Sensors based on quantum dot technology are also expanding the spectral range of SWIR cameras, according to George Wildeman, CEO of SWIR Vision Systems. The Durham, N.C.-based startup has commercialized imagers that layer quantum dot films directly onto CMOS wafers, with the quantum dot structures fabricated to sense specific wavelengths of interest.
The company has commercialized a 2.1-MP SWIR camera and demonstrated sensors with pixel pitches <3 µm in the lab, Wildeman said, adding, “The inherent scalability of this technology makes future low-cost and very high-resolution sensors possible for very high-volume applications such as mobile electronics and automotive sensing.”
The technology’s quantum efficiency is currently only 20%, much lower than the 70% conversion of InGaAs sensors.
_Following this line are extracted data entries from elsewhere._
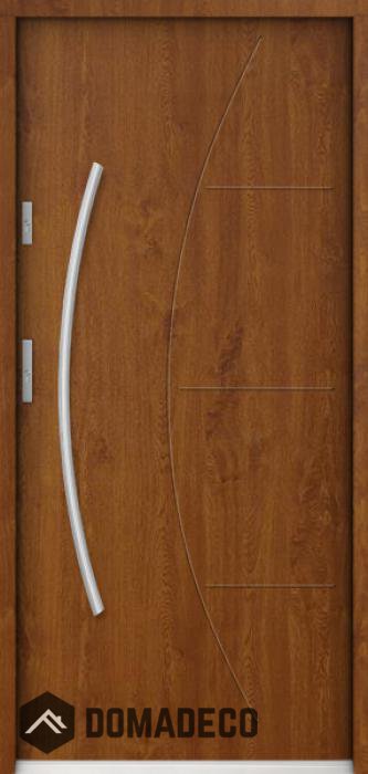 The door is made of stainless steel. Inside it is filled with PUR polyurethane foam and wood. The thickness of the door leaf is 55mm. Dual sealing system - one seal is in the dap of the frame and the other is located in the supporting part of the door leaf. They reduce vibration and protect your house from losing the heat. They don't change their volume under the influence of atmospheric conditions. The door frame has anti-burglar reinforcements in hinge parts and locking points.
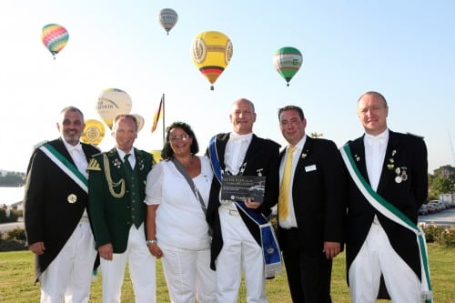 Warstein, 5. September 2012 –180 Ballonstarts, 800 Schützen und 4.300 Zuschauer – das sind die Zahlen vom Tage bei der 22. Warsteiner Internationalen Montgolfiade. 59 Heißlüfter stiegen am Morgen in den Himmel über Warstein, 121 Ballone folgten am Abend. Über 100 Schützenkönigspaare mit Abordnungen ihrer Vereine folgten der Einladung von Brauerei-Chefin Catharina Cramer zum 3. Warsteiner Majestäten-Treffen. Die Zuschauer auf dem Festgeländen erlebten Ballonstarts und Feststimmung bei traumhaften Wetterbedingungen.
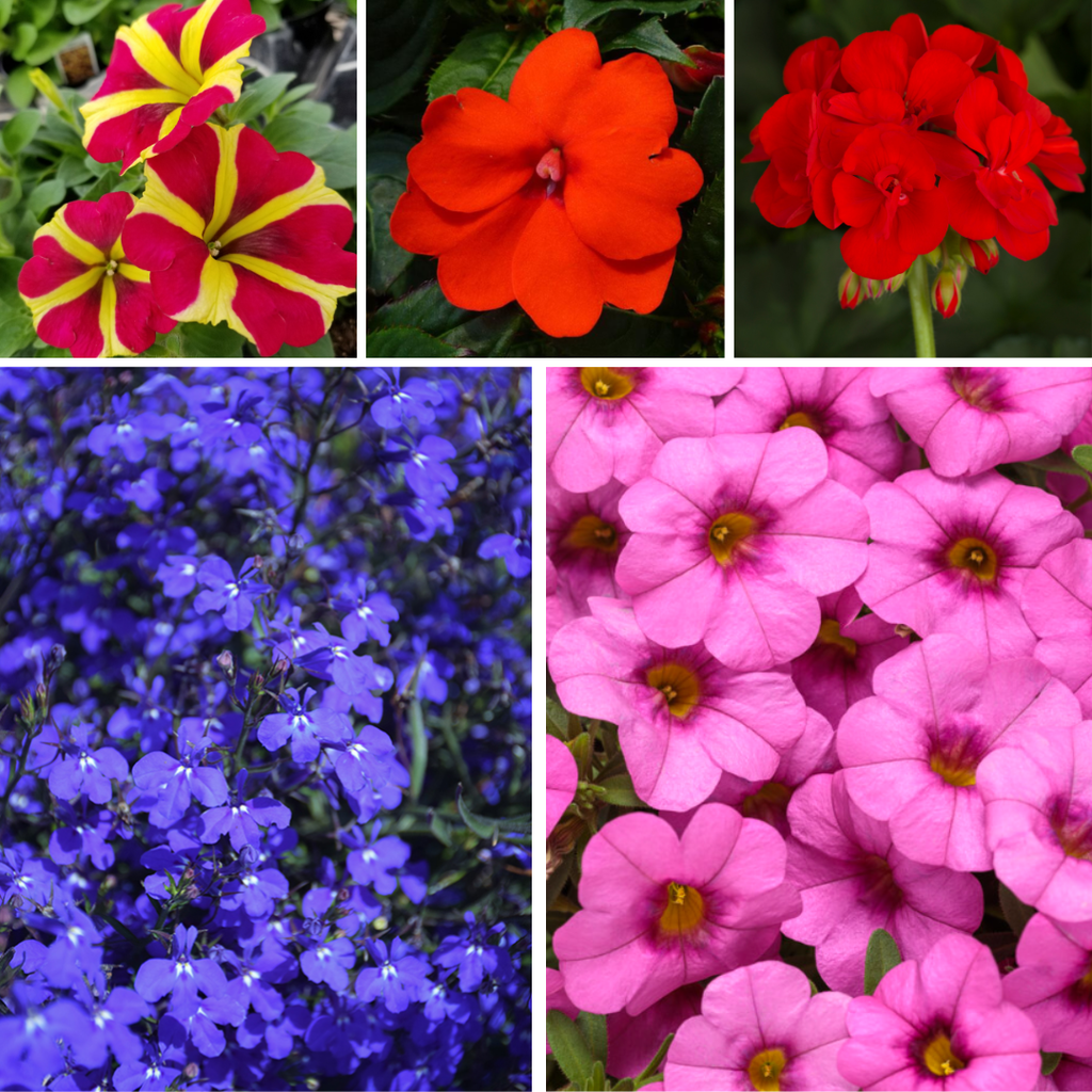 **Please note: These items are grown to be ready around the first of May. All items listed are available to purchase, but size and bloom quantity will vary some based on how much sun we have had this season and the specific varieties in the combo. Please call with any questions you may have.
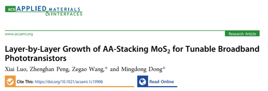 相关成果以“Layer-by-layer Growth of AA-stacking MoS2 for Tunable Broadband Phototransistors” 为题发表在著名期刊《ACS Applied Materials & Interfaces》上(中科院一区,川大B刊,影响因子9.229)。论文第一作者为3044am永利集团3044noc3044am永利集团3044noc2018级本科生罗夕艾,我校王泽高特聘研究员、丹麦Aarhus University董明东教授为共同通讯作者,3044am永利集团3044noc2018级本科生彭正瀚参与了该成果。论文第一通讯单位为3044am永利集团3044noc3044am永利集团3044noc。
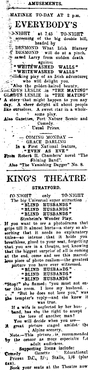 AMUSEMENTS. MLmATINEE TO-DAY AT 2 pm. ; EVERYBODY’S §gfc>-NIGHT at 7.45 TO NIGHT ■; screening of the big double bill, headed by Sk, DESMOND What Irish Blarney HP DESMOND will do at a pinch, saved Larry from sudden death Eg* . against « WHITEWASHED WALLS ” jggjg “ WHITEWASHED WALLS ” rej&llidking play of an Irish r- 'Zjfr* who delight you. Also the golden-haired beaut v, sSSrEXJJYS LESLIE in “THE MATING” GLADYS LESLIE in “THE MATING” * A story that might happen to you any day. A sheer delight all about people like ourselves. A sweet star in a wholesome play. Also Gazettes, Post Nature Scenic and Comedy. Usual Prices. * COMING MONDAY GRACE DARLING In a First National feature, “ EVEN AS EVE ” From Robert H. Chambers’ novel ‘ The Chining Band”. Also “The Vanishing Dagger” No. 8. KING’S THEATRE STRATFORD. fO NIGHT only TO-NIGHT The big Universal super attraction “BLIND HUSBANDS” “BLIND HUSBANDS” “BLIND HUSBANDS” Stroheim’s Wonder Play. If you want to see a photodrama that grips till rt almost hurts—a story so absorbing that it needs no explanatory titles—so intense that it holds you breathless, glued to your seat, forgetting that you are in a theatre, not knowing that the biggest surprise of all is coming at the end. come and see this marvellous piece of photo realism —the greatest picture you have ever witnessed. “BLIND HUSBANDS” “BLIND HUSBANDS” “BLIND HUSBANDS” “Stop!” she flamed; “you must not enter this room. I love my husband. . “But he does not love you,” was the tempter’s reply—and she knew it was true. If a wife is neglected by her husband. has she the right to accept the love of another man? You will decide when you see — A great picture staged amidst the x Alpine scenery. y o te.—This picture is recommended by the censor "as more especially f.>r adult audiehces. Supporting Items include: Comedv Gazette Educational. Prices: D.C., 2/-; Stalls, 1/6 (plus tax). Book your seats at the Theatre now.
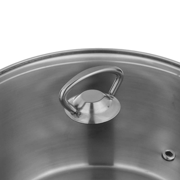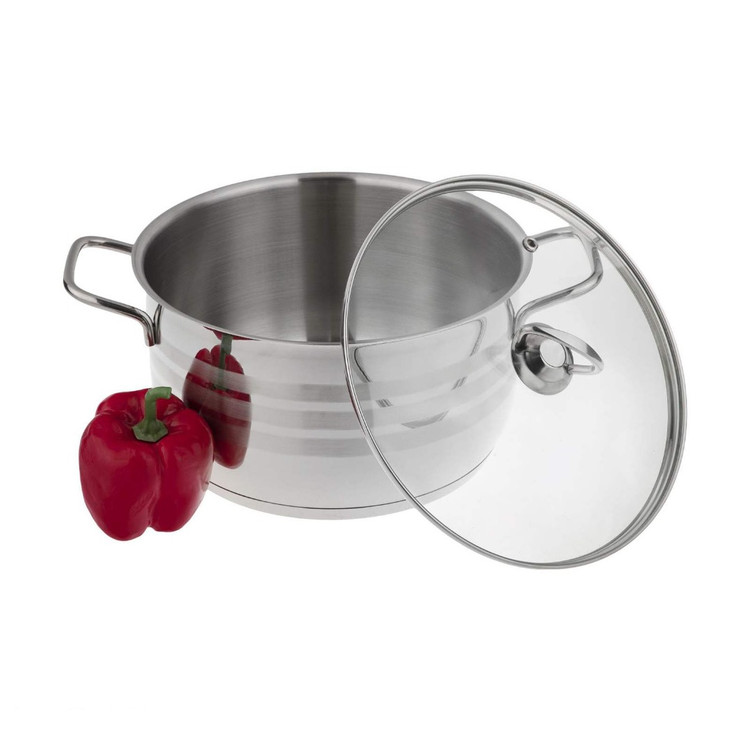 قابلمه از جنس استیل همراه با درب پیرکس که مانع از بیرون ریختن غذا از ظرف میشود. کف چدن کپسول دار این سرویس باعث ماندگاری بیشتر این محصول و مدیریت انتقال صحیح حرارت برای پخت غذا میشود. دستگیره های این کار به بدنه جوش خورده و به هیچ عنوان کنده نمیشود.
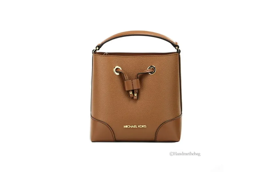Style: michael kors mercer small bucket drawstring handbag luggage material: pebbled leather features: front mk logo plate accent drawstring closure adjustable detachable crossbody strap measures:...show more
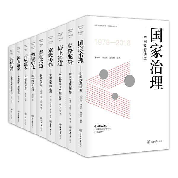 “改革开放40周年·大国议题丛书”以习近平新时代中国特色社会主义思想为指导,选题聚焦党的十八大以来以习近平同志为核心的党中央治国理政的伟大实践,由中央党校(国家行政学院)副校(院)长王东京教授、重庆大学校长张宗益教授担任丛书编委会主任,作者来自中央党校、国家发展改革委、中国人民大学、永利集团3044欢迎光临等单位。该丛书先后入选重庆市出版专项资金资助项目(2017年)、教育部全国高校出版社主题出版项目(2018年)、国家出版基金资助项目(2019),于2018年底正式出版发行。丛书分为9卷,共300万字,各卷分别为《国家治理——中国政府转型》《丝路驼铃——丝绸之路经济带》《海上通道——21世纪海上丝绸之路》《京畿协作——京津冀协同发展》《黄金水道——长江经济带》《绸缪东北——新一轮东北振兴》《开放蓝本——自由贸易试验区》《源头沧桑——中国改革开放发源地》和《抚脉历程——改革开放40年大事记》。其中,《丝路驼铃——丝绸之路经济带》由白永秀教授领衔撰写,该书分八章研究丝绸之路经济带建设中的理论与实践问题,兼具理论系统性和可读性。
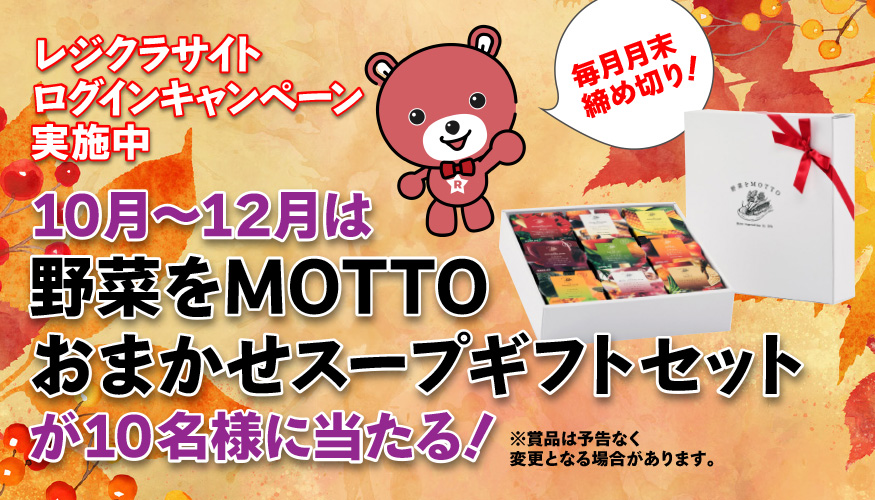 野菜をMOTTO おまかせスープギフト 毎月10名様 ※賞品は予告なく変更となる場合がございます。 |
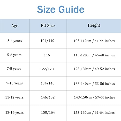 Maat 3-4 jaar, EU 104/110. Maat 5-6 jaar, EU 116. Maat 7-8 jaar, EU 122/128.
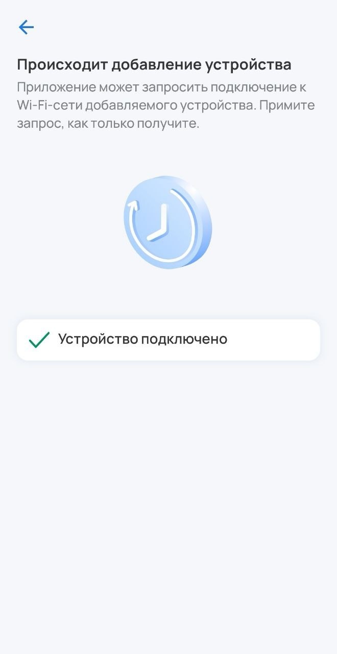 Когда соединение с платформой будет установлено, в приложении отобразится уведомление об этом. Также произойдет возврат на главную страницу приложения.
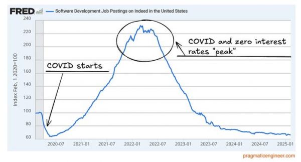 来自求职网站 Indeed 的数据显示,网络上继续活跃招募的软件开发者职位数量正在发生变化。
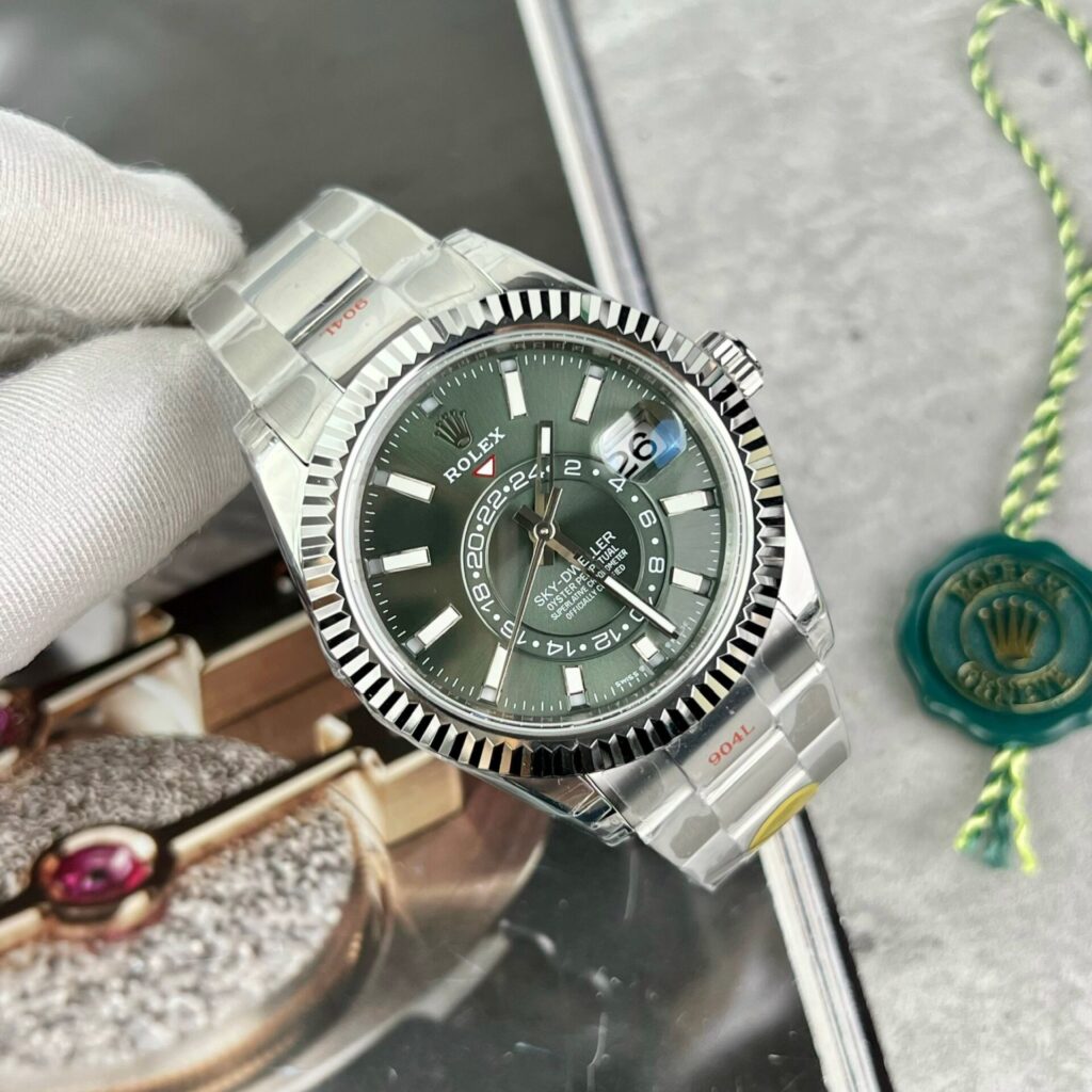 Rolex Sky-Dweller 336934 Replica Watch Green Dial Oyster Strap 42mm
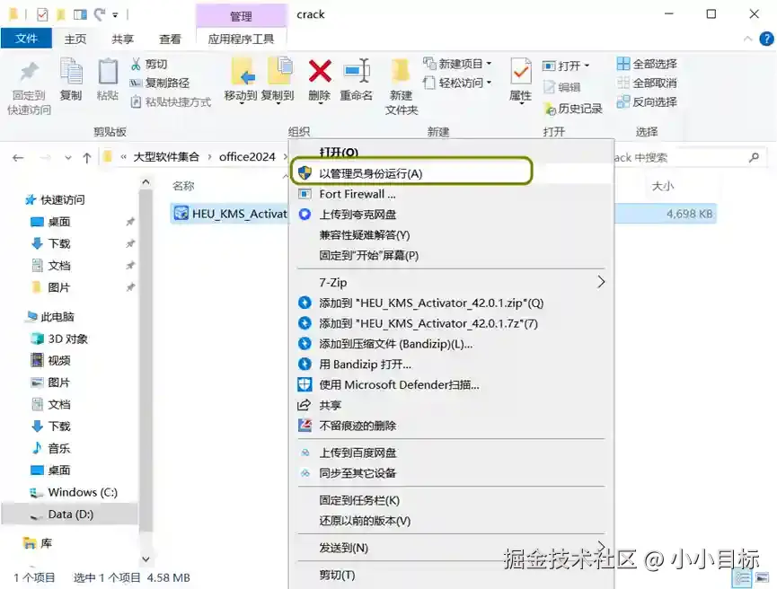 2、右键以管理员运行KMS
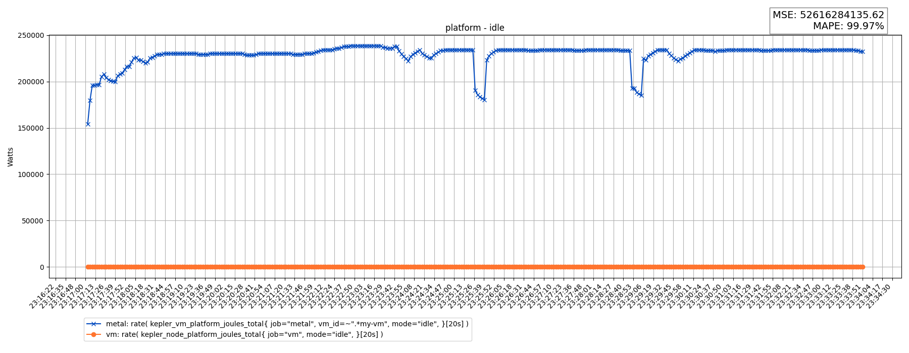 rate( kepler_vm_platform_joules_total{ job="metal", vm_id=~".*my-vm", mode="idle", }[20s] )rate( kepler_node_platform_joules_total{ job="vm", mode="idle", }[20s] )Results:
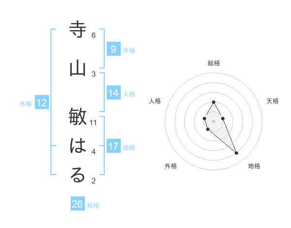 寺山 敏はるさんを姓名の画数から五運を鑑定
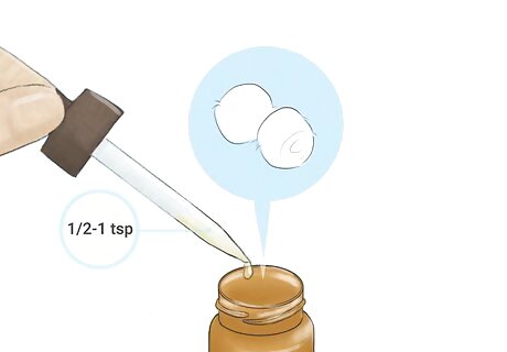 Fill a vial with the oil and a cotton swab to take it on the go. Grab a small, airtight vial or bottle. Pour ⁄2–1 teaspoon (2.5–4.9 mL) of the essential oil into the container. Then, stuff 1-2 cotton balls inside of the container and push them down until the bottom of the cotton balls come in contact with the essential oil. This is a great way to take the oil with you and take sniffs as needed to curb your nausea. Inhale the aroma by holding the opening of the bottle 4–6 inches (10–15 cm) away from your nose. Close your eyes while doing this to keep the fumes out of your eyes.
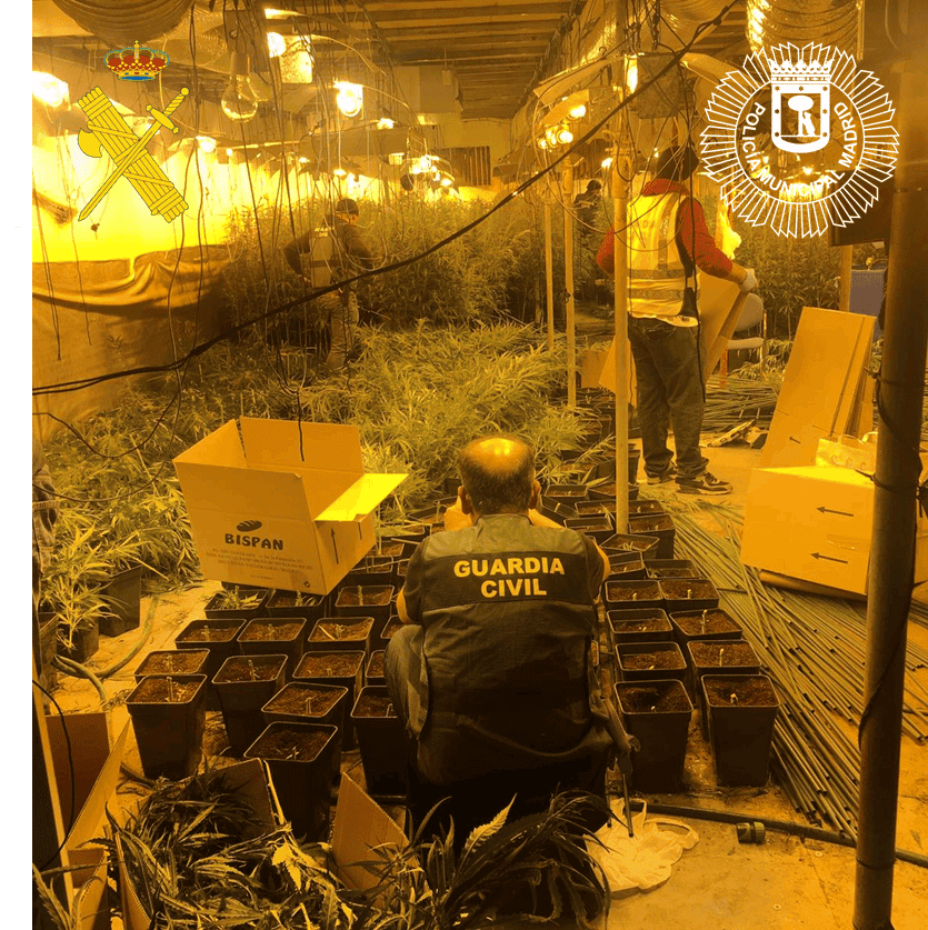 Los agentes al identificar a los responsables que se encontraban a cargo de las naves, observaron que estas personas estaban domiciliadas en Rivas Vaciamadrid, por lo que se pusieron en contacto con el Área de Investigación de Guardia Civil del municipio, siendo informados de que tenían antecedentes por delitos contra la salud pública.

However, in many industrial imaging applications, additional IR and SWIR photons can be provided by bright, low-cost light sources, Wildeman said.
He added that quantum dot sensors can also enable a single sensor to capture wavelengths spanning the visible range all the way out to 2 µm. “We believe broader imaging bandwidths will be critical for many applications,” Wildeman said. The region from 1.7 to 2 µm offers particular interest for applications in chemical sensing, plastic recycling, silicon inspection, and laser beam profiling.
Going short: UV imaging
Imaging technology also peers below the visible to acquire data from the UV spectrum. Standard silicon sensors can capture longwave UV light centered around 360 nm, provided the cover glass and on-pixel microlenses are not coated with UV-blocking films, said Austin Richards, a principal at Oculus Photonics, which designs, manufactures, and sells UV imaging systems.
Imaging from 200 to 300 nm, however, requires more exotic technology. Such systems still use a silicon sensor, Richards said, adding, “But the silicon is back-thinned and backside-illuminated, and there are no microlenses on it.”
Faint scratches on glass and plastic are often much more apparent when imaged under UV light. This is evident in these two images of a CD jewel case captured with a visible-range sensor (top) and a UV camera (bottom). Courtesy of Oculus Photonics.
Many materials transparent in the visible appear opaque in the UV, which makes it easier to image defects such as minute scratches on glass and other ma-
terials. UV imaging can also pick up latent fingerprints on surfaces without the need for dusting or other processing. This can be a boon to forensics, Richards said.
One of the key challenges to UV imaging is achieving adequate light levels. There are generally far fewer ambient UV photons to work with than is the case when imaging in the visible range. UV cameras can compensate for this by employing pixels measuring 5 µm versus the 1-µm pixels applied by visible sensors. Another workaround is illumination from artificial light sources, such as LEDs at longwave UV, or fluorescent bulbs at shortwave UV. These sources may provide sufficient intensity if bright enough and properly focused.
As component and system-level advancements continue to improve the capabilities and costs of nonvisible imagers, the sector is on track to deliver some very visible future gains.